Кира пригнулась и сделала шаг наружу, оказавшись погруженной в мир ослепляющего белого цвета. Она поднесла к глазам руки, ее голова раскалывалась от зрелища. Ей стало значительно теплее, ветер утих, птицы чирикали, а через деревья на лесную поляну пробивался солнечный свет. Кира услышала свист и, обернувшись, увидела, что с тяжелой сосны соскальзывает огромный комок снега, который вот-вот упадет на землю. Девушка посмотрела вниз и увидела, что стоит в снегу, достигающем ей по бедра.
Лео повел ее, прыгая через снег, назад в направлении Волиса – она была в этом уверена. Кира последовала за ним, стараясь не отставать.

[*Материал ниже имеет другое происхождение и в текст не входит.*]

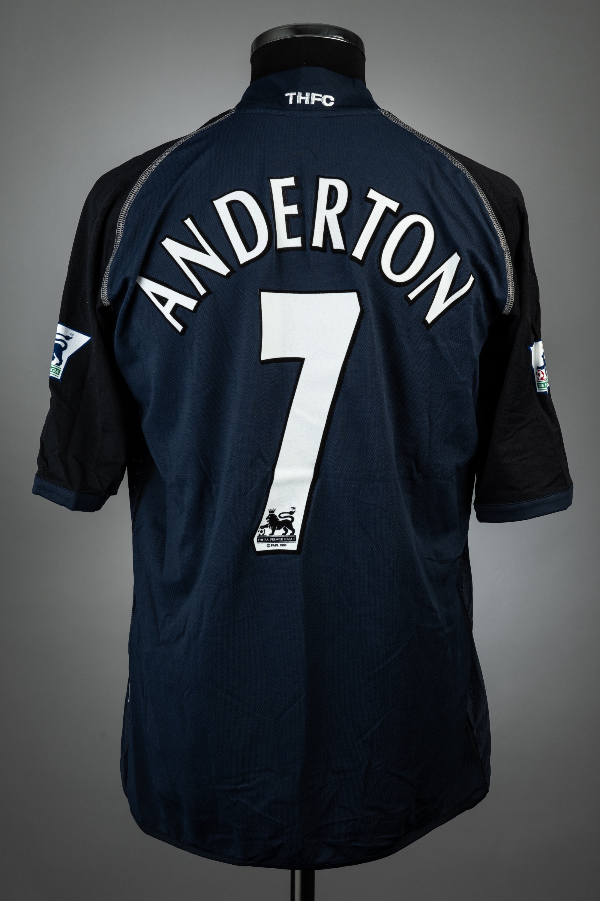 Darren Anderton navy and black Tottenham Hotspur no.7 away jersey, season 2002-03, match issue, Kappa, short-sleeved with THE FA PREMIER LEAGUE sleeve badges, club crest and sponsor logo, reverse lettered ANDERTON, size XXL

Хотя ей с трудом давался каждый шаг. Она облизнула губы и ощутила еще большее головокружение. Кровь в ее щеке пульсировала и она начала спрашивать себя, не инфицирована ли рана. Девушка чувствовала изменения в себе. Она не могла этого объяснить, но ей казалось, что в ней пульсирует кровь дракона.
«Кира!»
Раздался отдаленный крик, прозвучавший так, словно человек находился очень далеко. За ним последовало несколько других голосов, выкрикивающих ее имя. Их крики поглощали снег и сосны. Ей понадобилась минута, чтобы осознать и узнать эти голоса – они принадлежат людям ее отца. Они искали ее здесь.
Кира ощутила облегчение.
«Здесь!» – крикнула девушка, думая, что кричит, но она удивилась, услышав, что ее собственный голос прозвучал как шепот. В эту минуту она осознала, насколько ослабла. Ее рана что-то делала с ней, что-то, чего она не понимала.
Внезапно ее колени подогнулись и Кира упала в снег, не в силах сопротивляться.
Лео залаял, развернулся и побежал на звук отдаленных голосов.
Кира хотела позвать его, позвать их всех, но сейчас она была слишком слаба. Она лежала глубоко в снегу и смотрела вверх на мир белого цвета, на ослепляющее зимнее солнце. Девушка закрыла глаза, поскольку ее унес сон, которому она больше не могла сопротивляться.
Алек схватился за голову руками, пытаясь остановить головную боль, в то время как повозка, полная молодых людей, сильно тряслась на сельской дороге, что длилось уже целую ночь. Казалось, что ухабам и ямам никогда не будет конца, а эта примитивная деревянная повозка с железными решетками и деревянными колесами, казалось, была построена для того, чтобы причинять по возможности наибольший дискомфорт. С каждой кочкой голова Алека ударялась о древесину позади него. После первой кочки Алек был уверен в том, что не сможет продолжать в таком же духе долгое время, что дорога вскоре должна закончиться.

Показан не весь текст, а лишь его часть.